Asked about the negotiations during a visit to Brussels, he said: “I wouldn’t describe them as stalled. I think that they are becoming more crunchy as we start to work out precisely what terms for participation in Horizon would be fair to UK taxpayers and work for the UK.
“But I think both sides recognise that it is a successful and very important programme and the optimal outcome will be to find a way where participation can work for the UK.”
Horizon Europe is a collaboration involving Europe’s leading research institutes and technology companies.
The Government was set for membership of the programme as part of the Brexit trade deal but that was scuppered by disputes over the Northern Ireland Protocol.
Those have now been resolved through the Windsor Framework and European Commission president Ursula von der Leyen opened the door to Rishi Sunak to join the scheme.
The Chancellor was in Brussels to sign a memorandum of understanding with financial services commissioner Mairead McGuinness in the latest sign that damage in the relationship between the UK and EU was being repaired.
She said: “I think both sides know that there are benefits to have a shared area around science and innovation.
“I like the word crunchy … I think the objective is a shared one and certainly I would encourage more crunching so that we get a result.”
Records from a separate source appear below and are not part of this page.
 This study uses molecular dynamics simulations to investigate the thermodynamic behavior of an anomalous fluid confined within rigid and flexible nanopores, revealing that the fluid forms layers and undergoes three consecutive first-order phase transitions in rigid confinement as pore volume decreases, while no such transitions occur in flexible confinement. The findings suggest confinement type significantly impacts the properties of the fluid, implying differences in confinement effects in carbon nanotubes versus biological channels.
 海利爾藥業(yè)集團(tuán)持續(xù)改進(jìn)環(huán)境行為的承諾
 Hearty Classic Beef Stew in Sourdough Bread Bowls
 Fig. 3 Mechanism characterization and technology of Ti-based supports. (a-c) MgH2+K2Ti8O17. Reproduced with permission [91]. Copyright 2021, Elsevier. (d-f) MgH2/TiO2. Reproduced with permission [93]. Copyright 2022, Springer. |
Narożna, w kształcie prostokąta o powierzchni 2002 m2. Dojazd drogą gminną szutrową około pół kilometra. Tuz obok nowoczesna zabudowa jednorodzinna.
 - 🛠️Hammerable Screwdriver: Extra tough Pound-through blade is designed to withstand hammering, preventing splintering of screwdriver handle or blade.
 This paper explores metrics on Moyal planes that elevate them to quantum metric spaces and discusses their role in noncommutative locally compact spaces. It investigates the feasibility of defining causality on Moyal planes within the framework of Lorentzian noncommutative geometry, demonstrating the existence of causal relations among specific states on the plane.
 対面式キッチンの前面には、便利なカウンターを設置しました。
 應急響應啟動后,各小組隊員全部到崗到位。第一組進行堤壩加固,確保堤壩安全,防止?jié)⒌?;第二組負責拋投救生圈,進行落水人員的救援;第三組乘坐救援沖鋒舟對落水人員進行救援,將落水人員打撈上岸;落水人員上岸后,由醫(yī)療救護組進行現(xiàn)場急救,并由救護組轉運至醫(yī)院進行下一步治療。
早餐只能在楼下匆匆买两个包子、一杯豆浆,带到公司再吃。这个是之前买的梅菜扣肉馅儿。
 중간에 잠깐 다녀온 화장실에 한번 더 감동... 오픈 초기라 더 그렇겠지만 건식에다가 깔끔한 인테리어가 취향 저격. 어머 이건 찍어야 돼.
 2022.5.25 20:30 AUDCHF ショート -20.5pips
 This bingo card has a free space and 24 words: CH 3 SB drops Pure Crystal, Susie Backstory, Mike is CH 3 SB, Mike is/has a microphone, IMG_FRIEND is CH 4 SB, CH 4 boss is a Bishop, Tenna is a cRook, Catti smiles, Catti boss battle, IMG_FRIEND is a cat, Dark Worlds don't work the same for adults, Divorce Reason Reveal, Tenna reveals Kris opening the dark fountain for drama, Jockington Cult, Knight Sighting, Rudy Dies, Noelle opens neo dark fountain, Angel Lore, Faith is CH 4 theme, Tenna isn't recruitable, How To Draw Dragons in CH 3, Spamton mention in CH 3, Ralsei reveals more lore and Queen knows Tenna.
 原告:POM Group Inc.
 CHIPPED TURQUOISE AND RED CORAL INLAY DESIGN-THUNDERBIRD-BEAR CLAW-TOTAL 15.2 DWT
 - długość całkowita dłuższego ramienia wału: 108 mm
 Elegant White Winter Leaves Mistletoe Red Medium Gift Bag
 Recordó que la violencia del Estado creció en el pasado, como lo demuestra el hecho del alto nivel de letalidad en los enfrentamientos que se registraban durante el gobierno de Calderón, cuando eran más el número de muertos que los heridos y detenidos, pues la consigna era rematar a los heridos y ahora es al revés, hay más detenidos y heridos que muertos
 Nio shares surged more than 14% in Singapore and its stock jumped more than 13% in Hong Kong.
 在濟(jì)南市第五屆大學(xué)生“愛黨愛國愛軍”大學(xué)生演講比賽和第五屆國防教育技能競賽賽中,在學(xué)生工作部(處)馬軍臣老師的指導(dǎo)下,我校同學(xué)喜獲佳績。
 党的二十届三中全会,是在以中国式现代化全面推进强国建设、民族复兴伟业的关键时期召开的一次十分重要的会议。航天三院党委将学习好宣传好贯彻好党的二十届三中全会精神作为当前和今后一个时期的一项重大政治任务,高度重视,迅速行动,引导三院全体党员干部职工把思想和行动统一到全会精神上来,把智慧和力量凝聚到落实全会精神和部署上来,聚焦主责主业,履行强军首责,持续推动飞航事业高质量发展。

Meanwhile, another complication in the UK’s post-Brexit relationship with the EU has emerged in Gibraltar, where Spain is reportedly eyeing up control of the territory’s airport.
The Times reported that talks on the long-term relationship between Gibraltar and its neighbour Spain had foundered over the issue.
“The Spanish have asked for a regulatory framework over the management of the airport which implies Spanish jurisdiction, which is not something that Gibraltar can tolerate,” Vice-Admiral Sir David Steel, the governor of Gibraltar, said.
In Westminster, the Prime Minister’s official spokesman said: “We’re working side by side with the government of Gibraltar, we’re committed to concluding the UK-EU treaty as soon as possible.”
That would not be possible before Spain’s elections on July 23, the spokesman said, but “we remain a steadfast supporter of Gibraltar, and we’re not going to do anything that would compromise sovereignty”.